- Promotional poster
- Directed by: Alison Klayman
- Produced by: Emmet McDermott; Hayley Pappas; Alison Klayman;
- Cinematography: Julia Liu
- Edited by: Jen Fineran; Colleen Flanagan; Brian Goetz; Steph Ching;
- Music by: Amy Wood
- Production companies: AliKlay Productions; Secondnature Productions; Cinetic Media; All3Media; Cannibal Content;
- Distributed by: Netflix
- Release date: April 19, 2022;
- Running time: 88 minutes
- Country: United States
- Language: English

= White Hot: The Rise & Fall of Abercrombie & Fitch =

2022 American documentary film

White Hot: The Rise & Fall of Abercrombie & Fitch is a 2022 American documentary film made for Netflix and directed by Alison Klayman. The film focuses on Abercrombie & Fitch's massive success and controversies during the late 1990s and 2000s. It was released on April 19, 2022.

==Synopsis==
White Hot: The Rise & Fall of Abercrombie & Fitch details the store's success and controversies, including its racist and exclusionary practices. The documentary focuses on the rise in popularity of the brand after the arrival of CEO Mike Jeffries in 1992, and his practices which led to a 2003 class-action suit which alleged racial and other forms of discrimination in the stores’ hiring policies.
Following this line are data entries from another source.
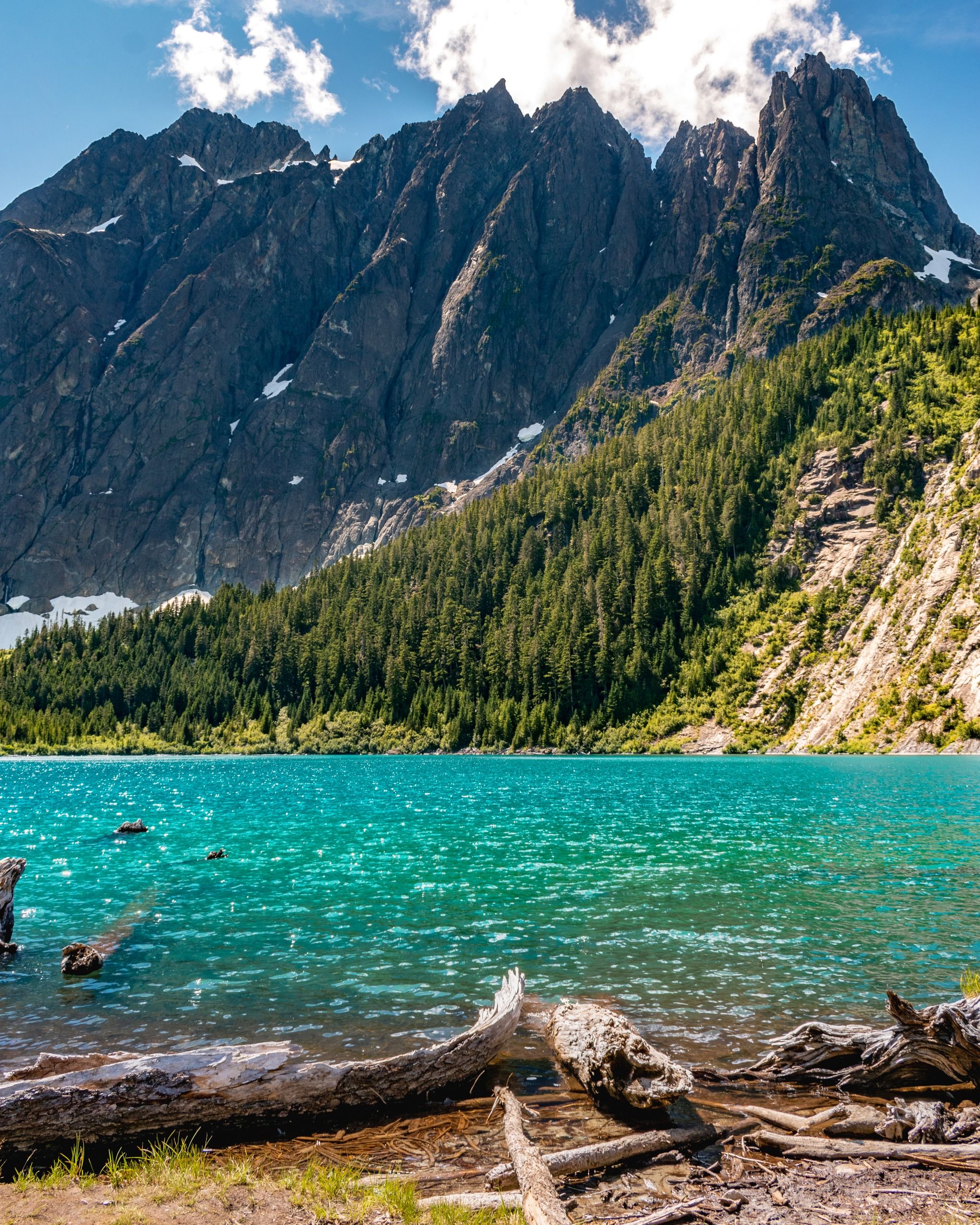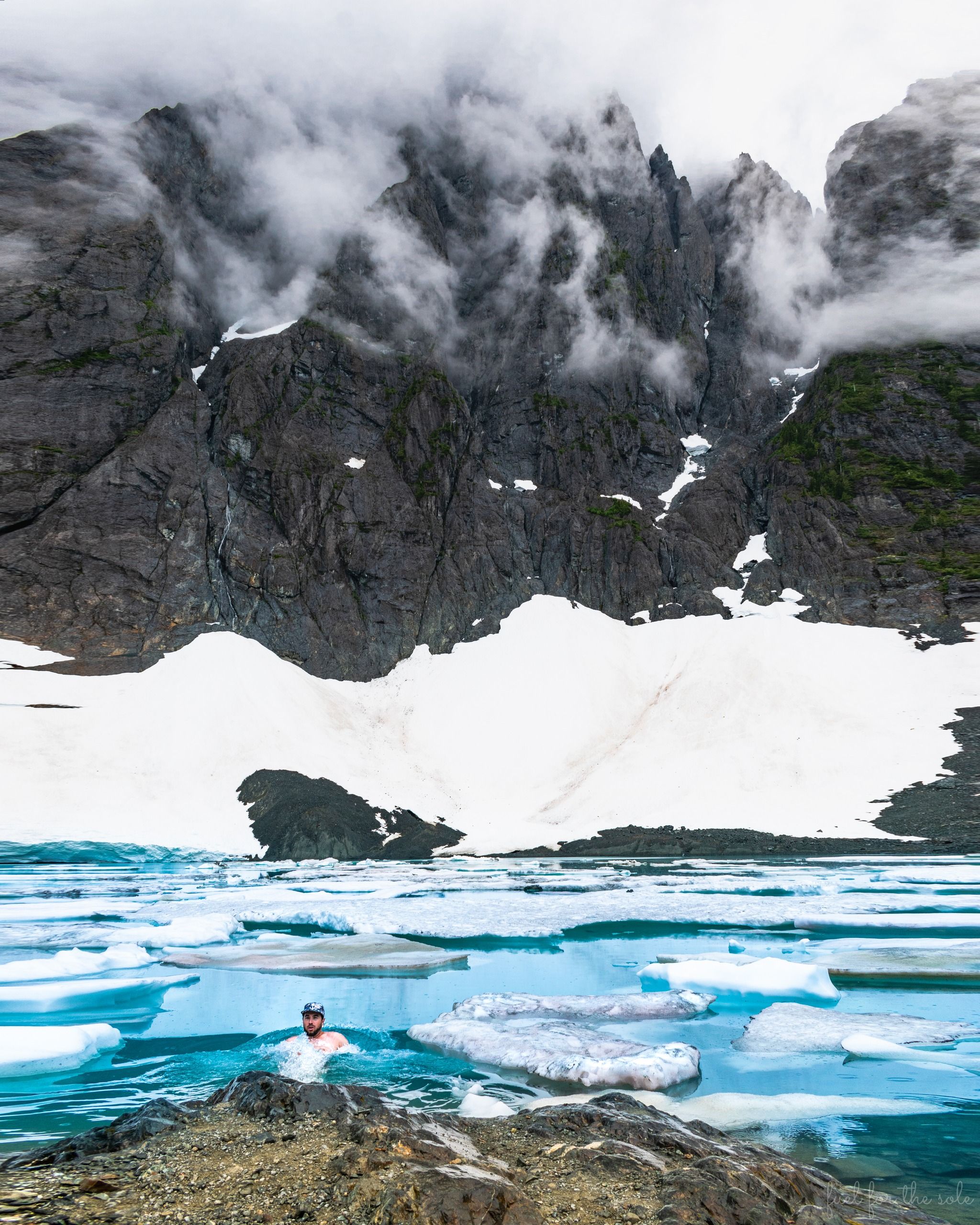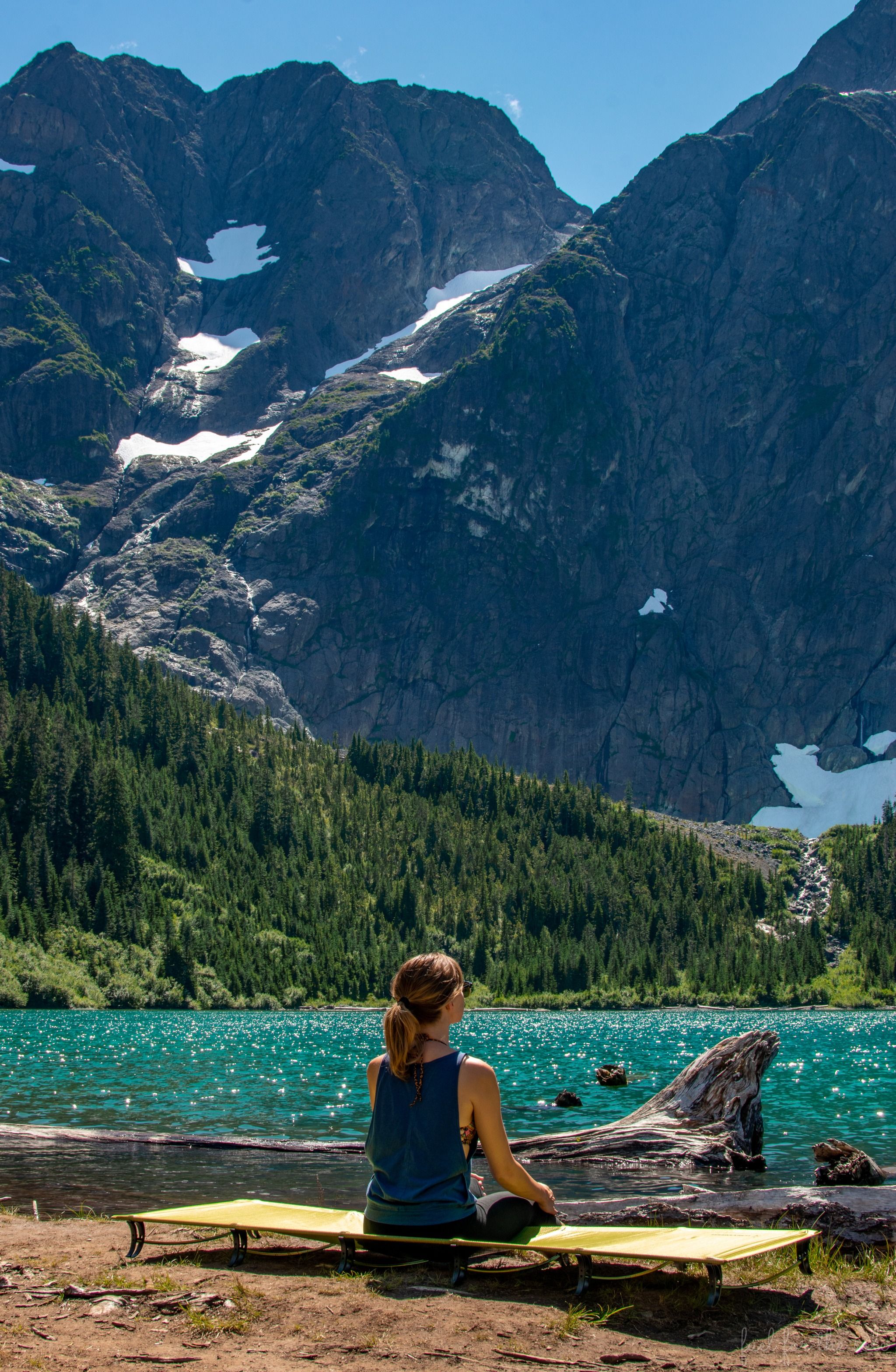 The trail takes you through lush forests, past sparkling waterfalls, and over clear streams before reaching the stunning teal-colored lake nestled at the base of Mount Colonel Foster.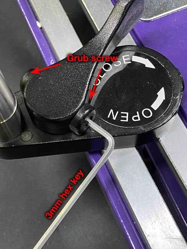 Using a 3mm hex wrench, undo the two grub screws on either side of the lever: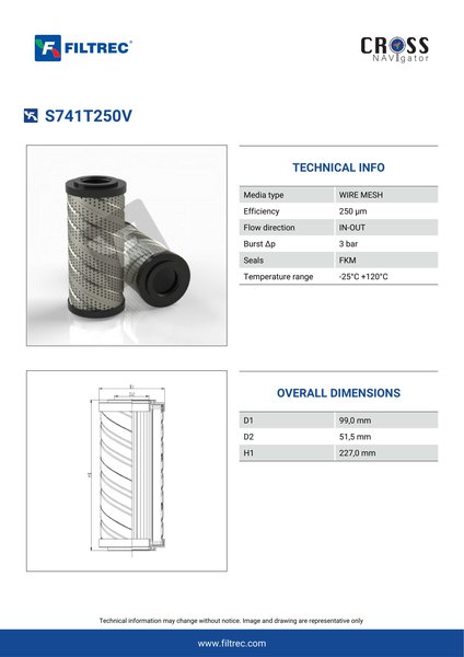 Genuine Filtrec S741T250V. This Filtrec element is designed to meet or exceed the quality and performance of brand OEM’s ensuring superior filtration performance and long-lasting durability.

Director Alison Klayman explores the company's toxic culture, featuring interviews from some of the original participants in the class action lawsuit. The documentary also features Samantha Elauf, who was rejected by Abercrombie for employment due to wearing a headscarf to the interview. Abercrombie fought back and the case ultimately went to the Supreme Court in 2015, which ruled in favor of Elauf.

==Reception==
On the review aggregator website Rotten Tomatoes, 66% of 29 critics' reviews are positive.